■ **INFORMATION SUPPLIED**
---
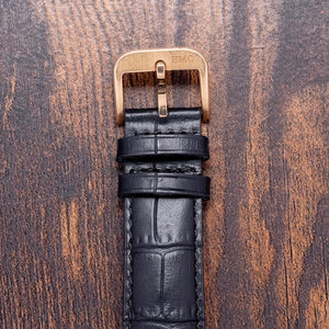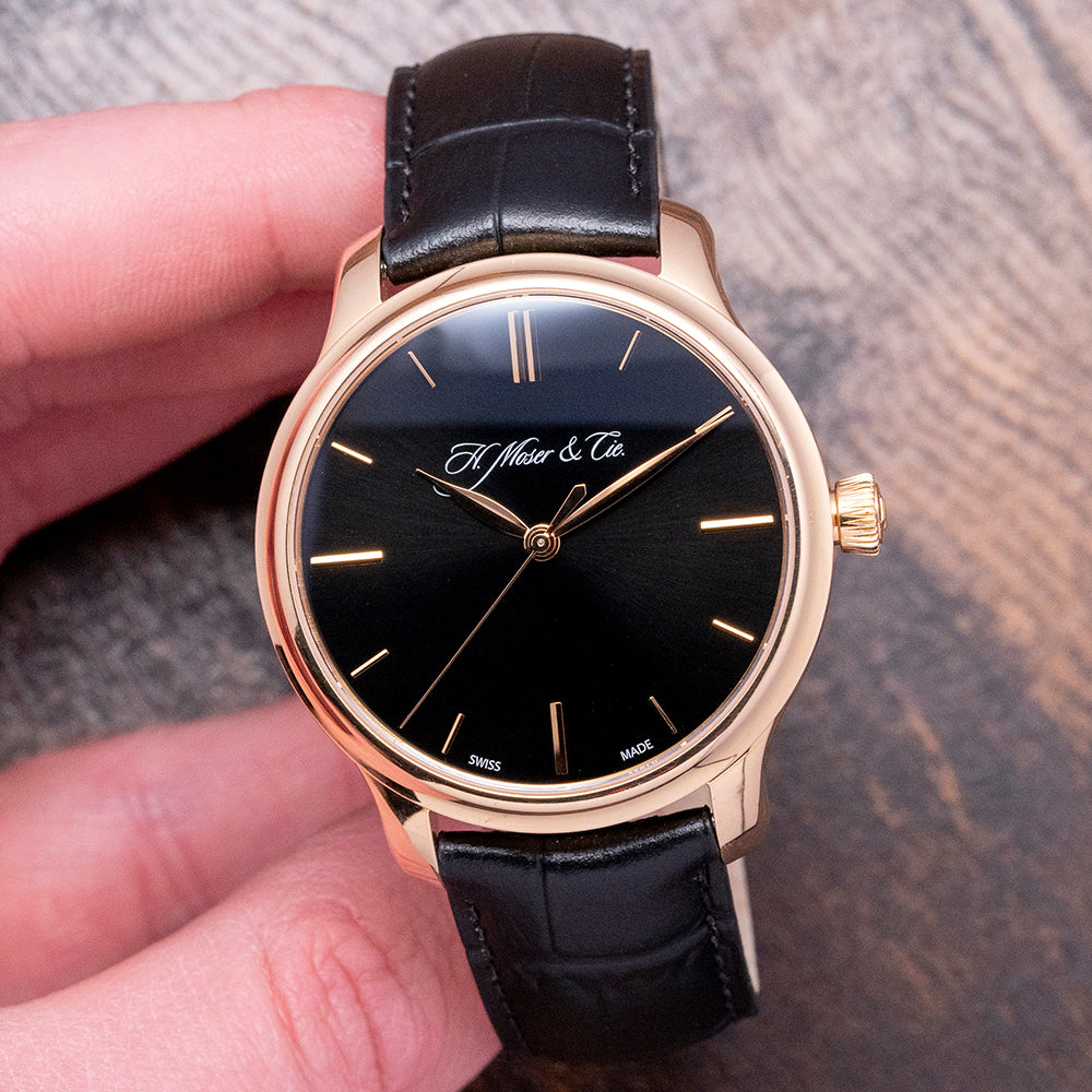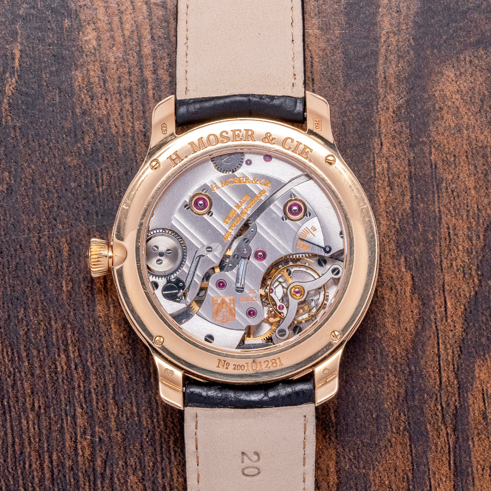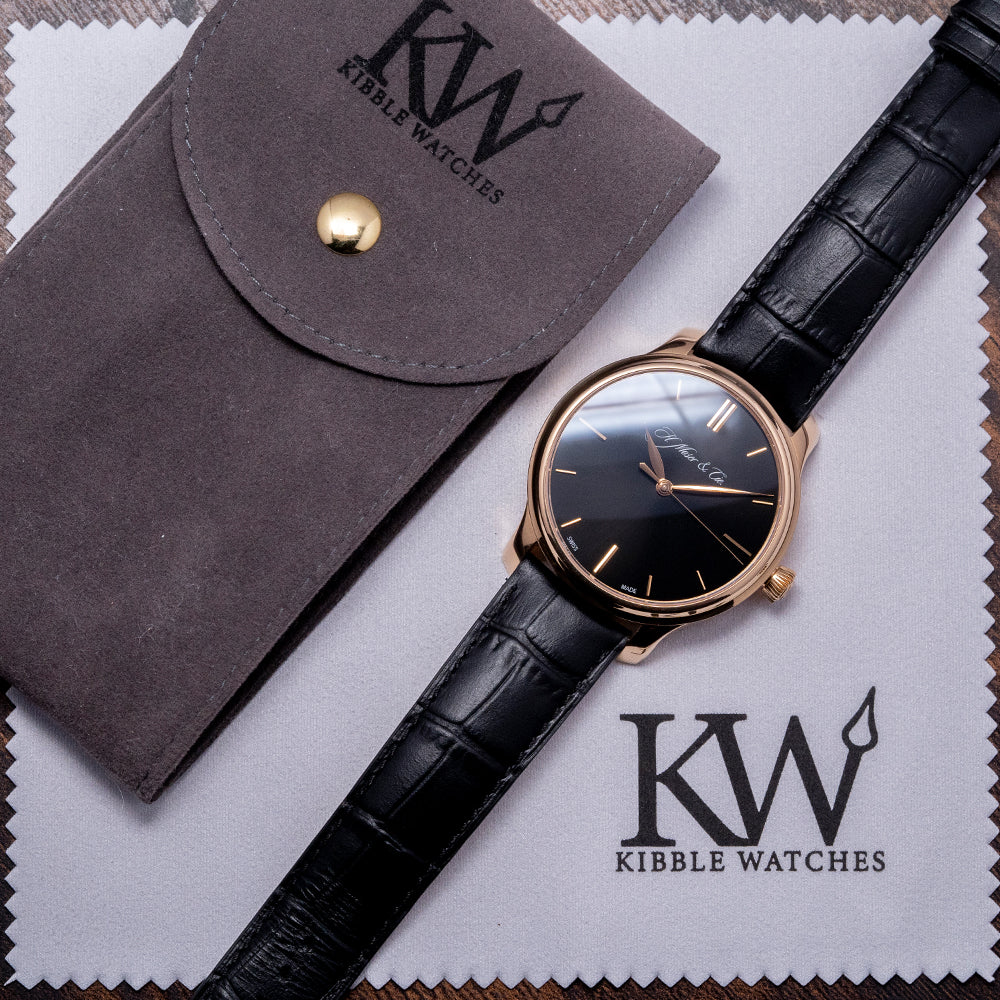 Here we have a stunning 2012 H.Moser & Cie E Rose Gold 7-Days 343.505-017 an early “Monard”, now the Endeavour, with a 41mm 18ct Rose Gold round case that flows over your wrist with elegant tapered concave hallmarked lugs and a lug-to-lug length of 47mm and a case thickness of 11mm ensuring a comfortable fit. Sculpted sides flow effortlessly with a signed crown in the centre on the right side, and a smooth bezel holds a domed sapphire crystal above a deep black dial. Applied single and double 18ct Rose Gold baton indexes mark the hours and play with the light as you rotate your wrist; 18ct Rose Gold leaf hands are complemented by a tapered sweeping second hand; at 12 o’clock, we have the H. Moser & Co motif completing this sophisticated contemporary minimalist dress watch. On the reverse, a screwed-down sapphire exhibition case back, engraved with the details of the watch, showcasing the manually wound HMC Cal. 343.505, 26 jewels, beating at a leisurely 18,000 beats per hour; this beautiful hand-finished movement has an in-house Straumann hairspring, a double hairspring that beats in opposite directions, this reduces any external effects on the escapement, and a 7-day power reserve indicator and the movement is tastefully decorated in Moser double stripes. It comes paired with a well-suited aftermarket 20mm leather strap with its original 18ct Rose Gold pin buckle.
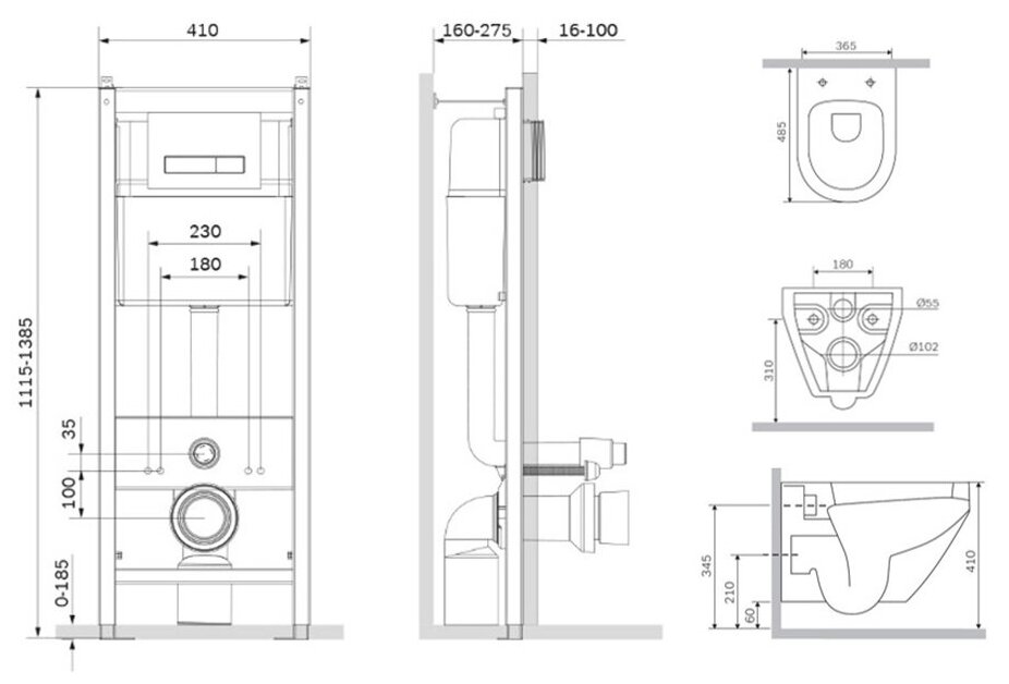Комплект инсталляции с унитазом Am.Pm Spirit IS30201.701700 белый с сиденьем микролифт
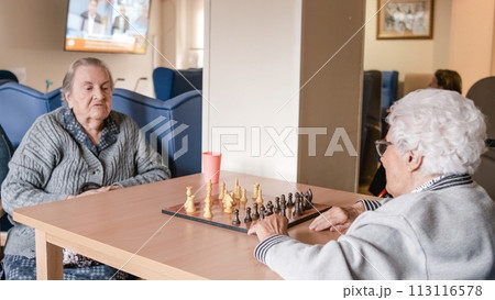 Senior woman playing chess with friend at table in nursing home
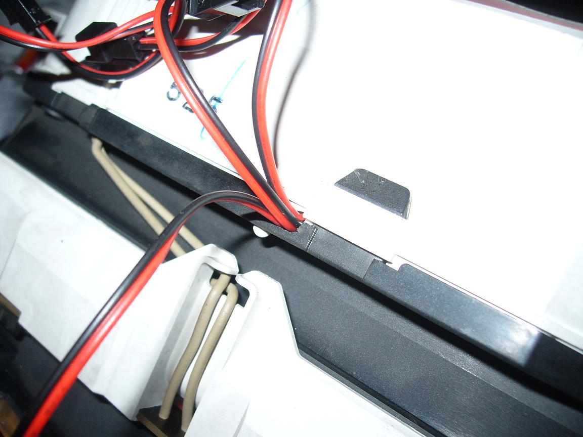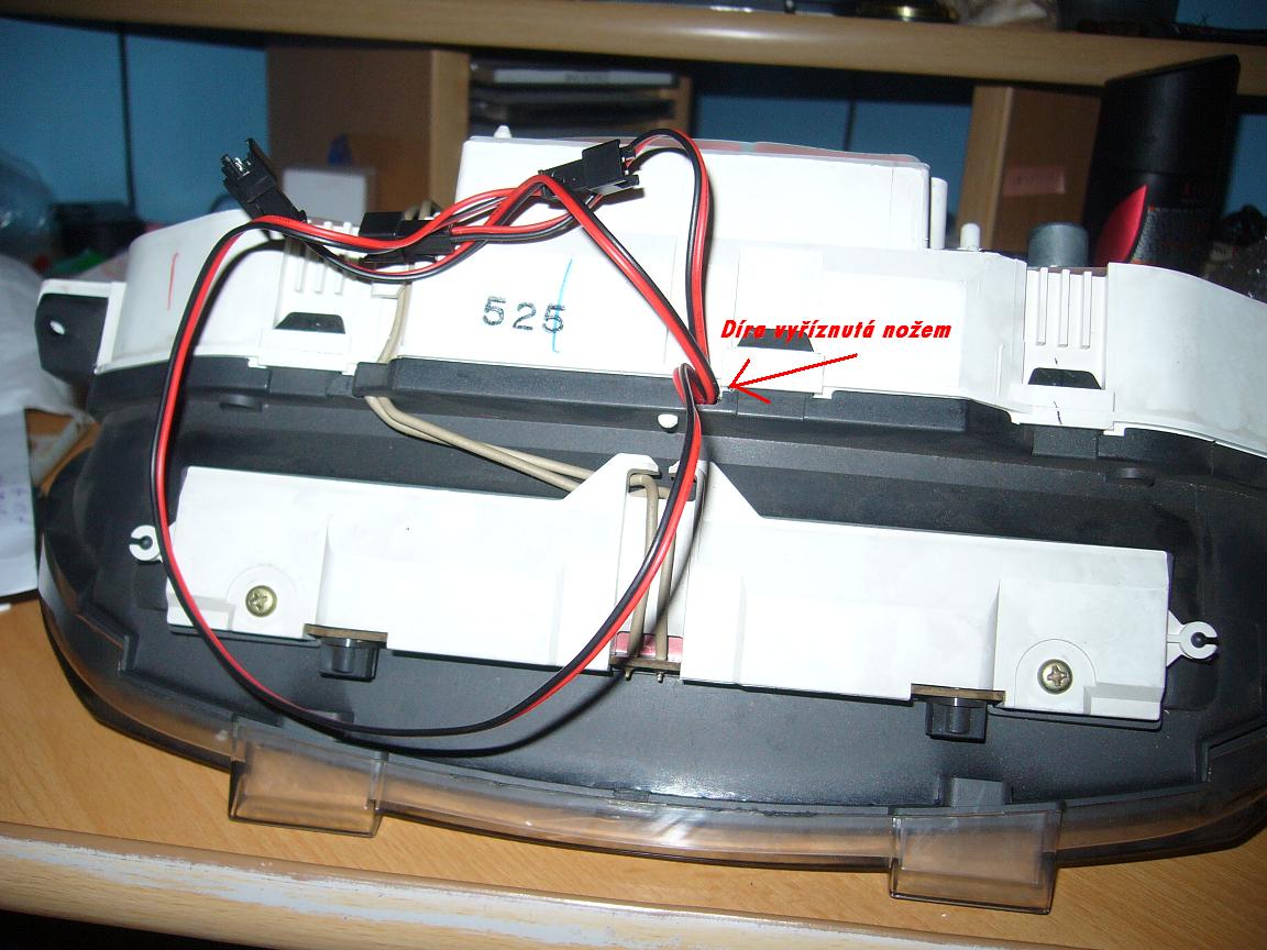 Teď, potřebujete nějak protáhnout dráty, který trčí do všech stran. Já zvolil cestu nejmenšího odporu a než abych řezal tři díry, tak stačila nakonec jedna. Jelikož připojení těch drátů do podsvitu trčí přes plast budíků a nedalo by se to složit...
---
■ **AIM OF THE EXERCISE**
Which lines run from the one containing "Senior woman playing" to the end of the data above? Set down those lines exactly, and only those, without any pictures.

■ **YOUR RESPONSE**
 Senior woman playing chess with friend at table in nursing home
 Teď, potřebujete nějak protáhnout dráty, který trčí do všech stran. Já zvolil cestu nejmenšího odporu a než abych řezal tři díry, tak stačila nakonec jedna. Jelikož připojení těch drátů do podsvitu trčí přes plast budíků a nedalo by se to složit...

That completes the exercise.